Here, we show how to construct the phyloseq object based on the taxonomic table, the ASV table, and the metadata. We use the 88 soil dataset [@lauber2009pyrosequencing] obtained from the [gglasso](https://gglasso.readthedocs.io/en/latest/auto_examples/plot_soil_example.html#sphx-glr-auto-examples-plot-soil-example-py) [@Schaipp2021] tutorial. The raw data can be downloaded from the GitHub repositories.
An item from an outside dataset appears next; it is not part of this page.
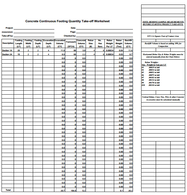 Quantity Take Off Sheets Construction Specifications Carpentry Comprehensive estimate Finishes sheet Door & Window Elevated Roof Estimating Sheets Roof Ceiling Wall Take off Wall Paint Estimating Sheet General Takeoff Sheet General Cost Estimating Paint Takeoff Sheet Plywood Takeoff Sheet Stucco Takeoff Sheet Contractors Borrowers Sheet Detailed Estimating Sheet Download itemized bid sheetNEW Contractor Proposal Bid NEW Job Estimate Form NEW Electrical Estimate NEW General Cost Estimator NEW Cost Breakdown Sheet NEW Electrical Contractor Bid NEW Engineering Construction Sheet NEW Building Materials Cost NEW Construction Budget Spreadsheet NEW Construction Cost Sheet NEW

According the to tutorial the data is already processed in the following way:

1.  Filter for OTUs with minimum abundance of $100$ and

2.  add pseudo-count of $1$.

Data sources:

-   Taxonomy: https://github.com/Vlasovets/GGLasso/blob/cfbf01535c88bbcd3ba60f24b5b867472d549f89/data/soil/original/88soils_taxonomy.txt

-   OTU table: https://github.com/Vlasovets/GGLasso/blob/master/data/soil/processed/soil_116.csv

-   Metadata: https://github.com/Vlasovets/GGLasso/blob/master/data/soil/processed/ph.csv

A detailed tutorial on constructing a phyloseq object can be found on the [official phyloseq website](https://joey711.github.io/phyloseq/import-data.html).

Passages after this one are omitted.